• _The task_: Print, exactly as written, the line in the entries below that contains "我国电影市场在2003-20" and every line after it up to and including the last. Omit pictures.

• _Supplied material_:
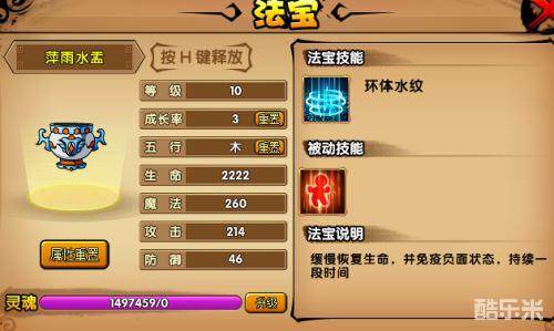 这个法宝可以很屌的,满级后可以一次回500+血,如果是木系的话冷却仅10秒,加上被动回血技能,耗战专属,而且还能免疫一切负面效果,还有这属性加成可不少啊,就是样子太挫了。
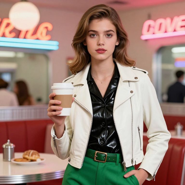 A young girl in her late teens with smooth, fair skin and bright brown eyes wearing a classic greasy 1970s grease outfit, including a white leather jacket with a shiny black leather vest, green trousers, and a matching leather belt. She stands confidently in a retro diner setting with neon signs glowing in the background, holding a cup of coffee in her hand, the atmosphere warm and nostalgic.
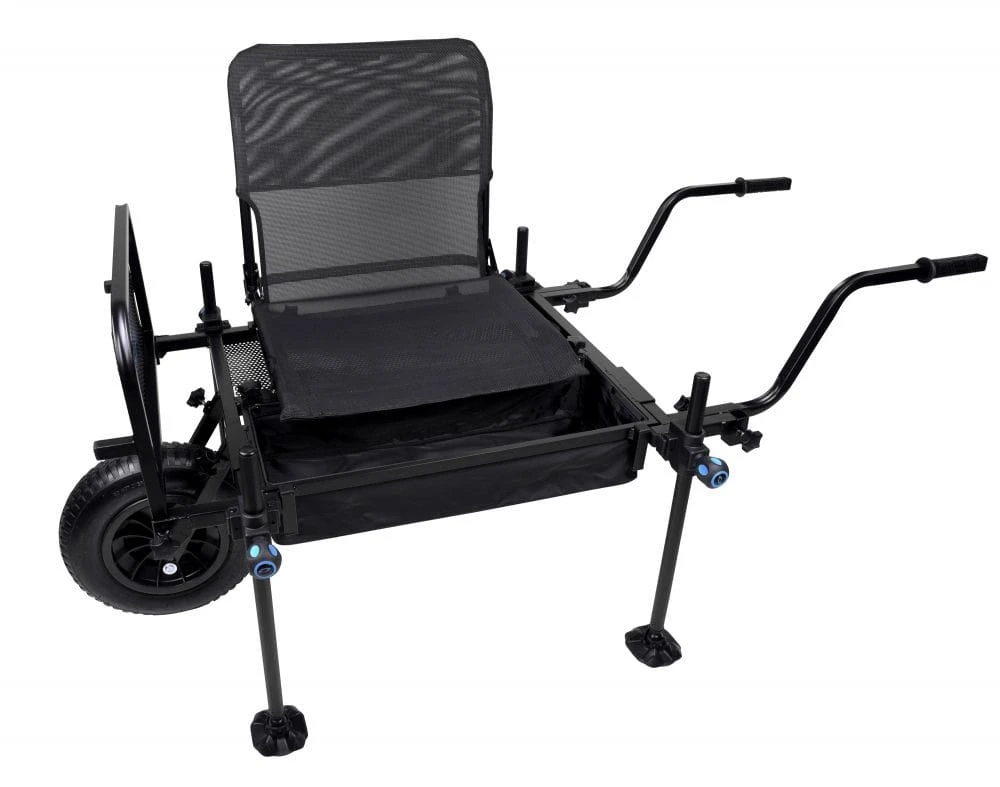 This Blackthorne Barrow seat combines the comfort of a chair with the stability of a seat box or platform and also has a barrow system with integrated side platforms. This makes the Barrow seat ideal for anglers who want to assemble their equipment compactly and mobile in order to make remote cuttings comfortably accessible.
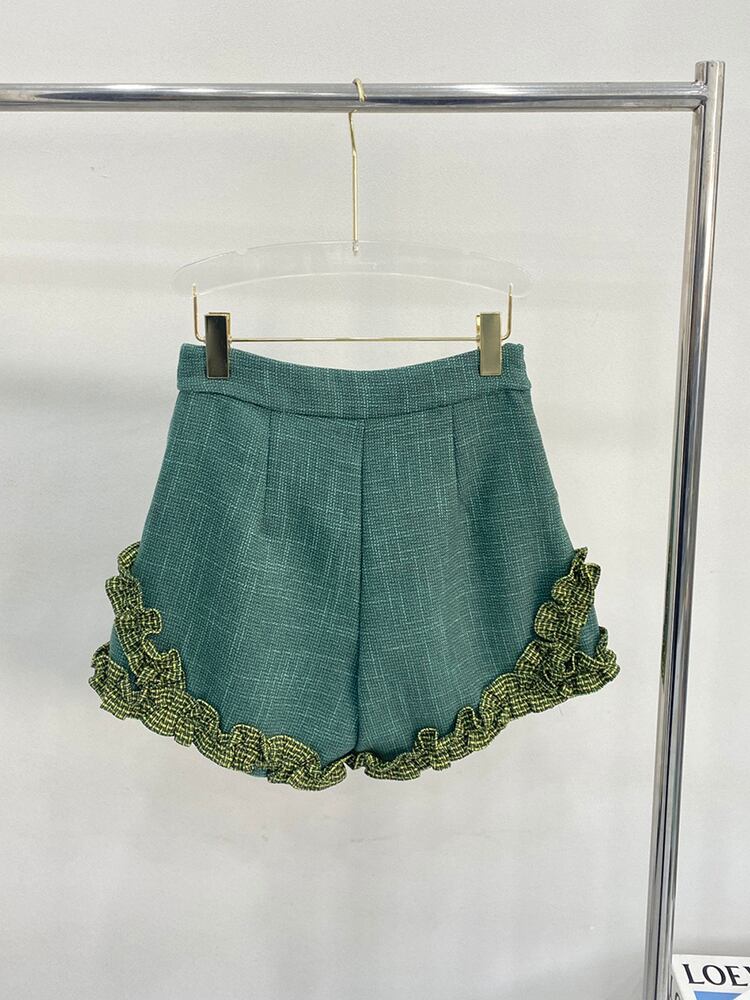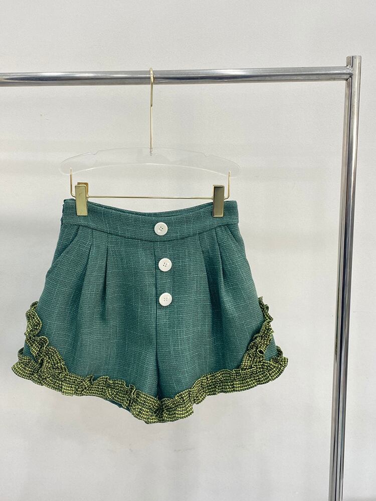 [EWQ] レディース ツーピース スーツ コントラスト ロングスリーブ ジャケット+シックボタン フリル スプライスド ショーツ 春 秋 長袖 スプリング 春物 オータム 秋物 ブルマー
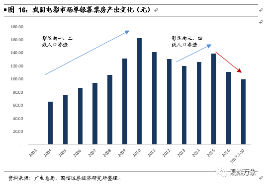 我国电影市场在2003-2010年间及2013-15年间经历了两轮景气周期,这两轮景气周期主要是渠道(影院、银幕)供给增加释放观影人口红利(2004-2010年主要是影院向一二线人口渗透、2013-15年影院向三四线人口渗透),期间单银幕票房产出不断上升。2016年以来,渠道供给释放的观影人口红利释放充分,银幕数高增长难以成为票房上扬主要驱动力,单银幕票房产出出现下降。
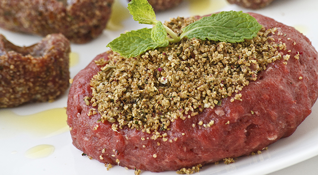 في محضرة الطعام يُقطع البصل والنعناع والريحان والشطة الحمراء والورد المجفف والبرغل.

• _Expected output_:
 我国电影市场在2003-2010年间及2013-15年间经历了两轮景气周期,这两轮景气周期主要是渠道(影院、银幕)供给增加释放观影人口红利(2004-2010年主要是影院向一二线人口渗透、2013-15年影院向三四线人口渗透),期间单银幕票房产出不断上升。2016年以来,渠道供给释放的观影人口红利释放充分,银幕数高增长难以成为票房上扬主要驱动力,单银幕票房产出出现下降。
 في محضرة الطعام يُقطع البصل والنعناع والريحان والشطة الحمراء والورد المجفف والبرغل.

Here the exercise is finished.